What is the observed problem with general POS systems?

Generally it is observed that "no" payment terminals are specially dedicated for visually challenged people. The conventional payment terminals consists of touchscreens / LCDs and has no user interface designed for visually challenged People. If visually challenged people prefer card payment, they need to take help of others while making payment through card & has security related issues for them involved in the transaction.

Overview

The payment process would be as depicted in the flowchart:

1. The headphones would be first put on by the user. LDR detects whether the headphones are properly put on. It ensures the saftey while the transaction is processed. The transaction gets cancelled if the headphones are removed.

2. The card is swiped/ read by the RFID reader/magnetic strip sensor and checks whether the card is valid or not. If it is not valid then it stops the program.

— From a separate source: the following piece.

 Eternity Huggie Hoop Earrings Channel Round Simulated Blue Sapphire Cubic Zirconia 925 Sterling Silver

3. The input is taken from the numpad keys attached to the Sony Spresense board.

4. The appropriate audio (.mp3) files are played that are stored onto the SD card.

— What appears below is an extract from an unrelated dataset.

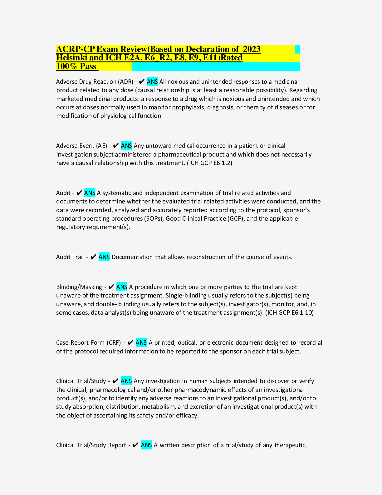 NURSING. > EXAM > ACRP-CP Exam Review(Based on Declaration of 2023 (All)

The basic input and output blocks to the Spresense controller are as shown below

Setting Up the Audio

In order to play the.mp3 files from the SD card we need to first install the DSP codec files. I prefer to install them onto the SPI-Flash as follows:

The DSP installer is launched from Arduino IDE, to open it click on the toolbar menu: File → Examples → Examples for Spresense Audio → dsp_installer. Press 1 to install onto SPI-Flash or press 2 to install onto SD card.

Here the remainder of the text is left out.